Research proposal on Deep Learning-based Contextual Word Embedding for Text Generation

  Text generation is a widely used sub-field of Natural Language Processing (NLP) and generates informative text similar to human written text. It automatically generates text by utilizing the knowledge of computational linguistics and artificial intelligence. Word embeddings are the vector representation that is dominantly used in text generation for words with similar meanings that possess similar representation. Contextual word embedding for text generation allocates each word a representation based on its context by utilizing words across various contexts and encoding knowledge that transfers over languages. Contextual word embedding outperforms traditional word representation by capturing many syntactic and semantic properties under different linguistic contexts. Deep learning approaches are efficient in NLP tasks and especially achieve great progress in text generation. Deep neural networks own the ability to generate smooth, topic-consistent, and even personalized text. Deep neural network-based contextual word embedding for text generation learns the distributed representation efficiently and generates meaningful text.
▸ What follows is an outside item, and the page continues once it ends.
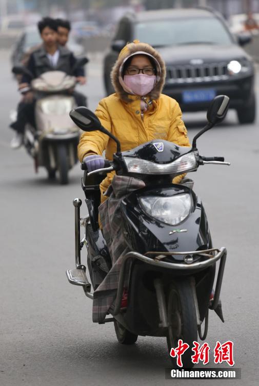 10月13日,郑州街头,市民穿着厚厚的冬装在街头骑行。12日起,受西北强冷空气影响,河南各地迎来大风降温天气,气温大幅下降,市民出行换上了厚厚的冬装。同时,在冷空气的袭击下,华北黄淮等地持续了多日的霾散去。杨正华 摄

  • Learning effectual representations of text words is a long-standing research focus in Natural Language Processing (NLP).

  • Word embeddings which is a representational basis for downstream NLP tasks, characterized by deep learning, have captivated extensive attention and also made many NLP problems a lot trouble-free.

  • In recent years, text generation based on deep learning has made great progress, owing to the fast, accurate locate and use of effective information from huge text data has turned into an urgent research problem in the field of NLP.

  • Generative automatic summarization is a significant part of text generation, and its research hotspots have moderately shifted from extractive to generative.

  • Fine-tuning pre-trained language models that came to be trained on large-scale corpora have constantly evolved state of the art for many NLP tasks.

  • Owing to the lag in the evaluation metrics of pre-trained word embedding models, a novel pre-training scheme (BLEURT) with learned robust metrics that utilizes millions of synthetic examples to help the model generalize for text generation.

  • Non-autoregressive generation is another emerging concept in text generation with pre-trained language models due to its quick inference speed.

  • The immense increase in available data and computational power, also the novel improvements in deep learning, imparts more new potentialities for researchers and practitioners to investigate unaccustomed developments for text generation.